What are you planning to do on December 21, 2012?
That’ll be my nephew’s 7th birthday, so I assume I’ll be begrudgingly trying to get along with my sister-in-law for most of the afternoon. Perhaps we’ll play some Operation to pass the time and then eat ice cream cake. I have a lifetime undefeated record at Operation, by the way. Steady hands.




What connection is there between James Joyce and the destruction of the dinosaurs?


There is a hidden chapter in Ulysses that only beings from my realm can perceive. Humans can only sense this connection on a subatomic level. It also produces a tingly feeling in the human spleen that is always dismissed as a result of “something they ate.” It’s actually quite a hilarious chapter. Sometimes, I wish you had the appropriate sensory organ to grasp it.

Which is more evil? Tartar sauce or mayonnaise?


That is tough one. All condiments are inherently evil, so it’s tough to rank them in any specific order. Yet, if push came to shove, I’d have to say mayonnaise is more evil. Why? Mayonnaise is a little more sneaky than tarter sauce. You know what you’re getting into with tarter sauce. Have you ever had a fish sandwich and not known immediately that there was tarter sauce on it? Exactly. However, there have been many times when you’ve bitten into a delicious hoagie or grinder and said out loud, “wait a second, why is this sandwich so evil?” And then, Jeffe, the guy who made the sandwich said, “my friend, it’s mayonnaise.
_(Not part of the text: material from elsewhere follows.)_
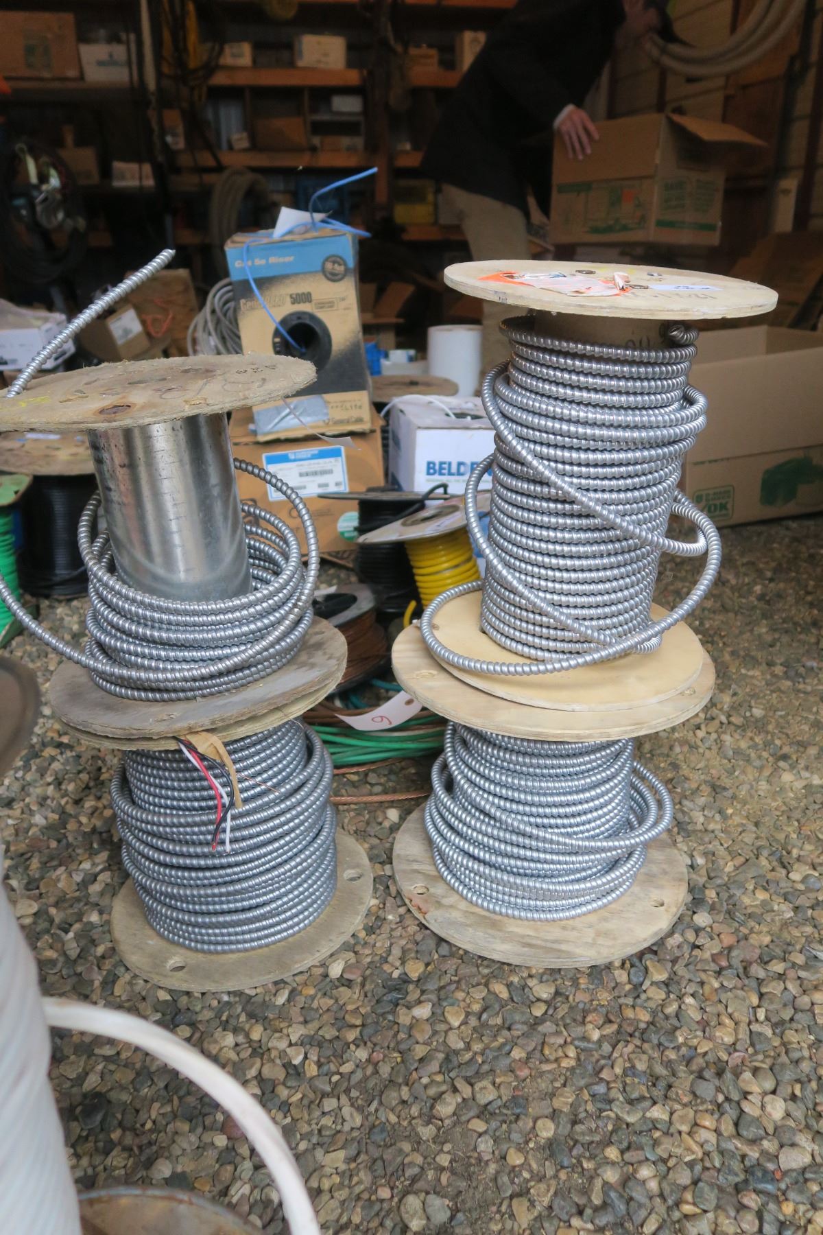 4 Rolls of Metal Sheath Wire: 12-2 (30ft.), 12-3 (70ft), 14-2 (75ft), 14-3 (150ft) - Lengths Are Approximate

Didn’t you ask for mayo on your sandwich?” Then you lived to regret the slurs that followed this exchange. That’s happened to most people I know.



And finally, knowing OLOGY means “the science of”, what is your ology?
My ology is Presentology. Sure, I know that there is no past or future. That there is only the present. There is only now. And now. And now. And right now. However, that’s not what I’m talking about. I love to give non-denominational, non-romantic, spontaneous presents. Just last week I gave the guy who tuned up my ten speed bicycle one of my new t-shirts. He wept and offered to gratify me sexually. I told him that I’m an asexual being from solar system far far away and that a 10% discount on my next tune-up would be more than fair. He accepted my offer and now we email each other pretty regularly. Presentology: the power of giving presents.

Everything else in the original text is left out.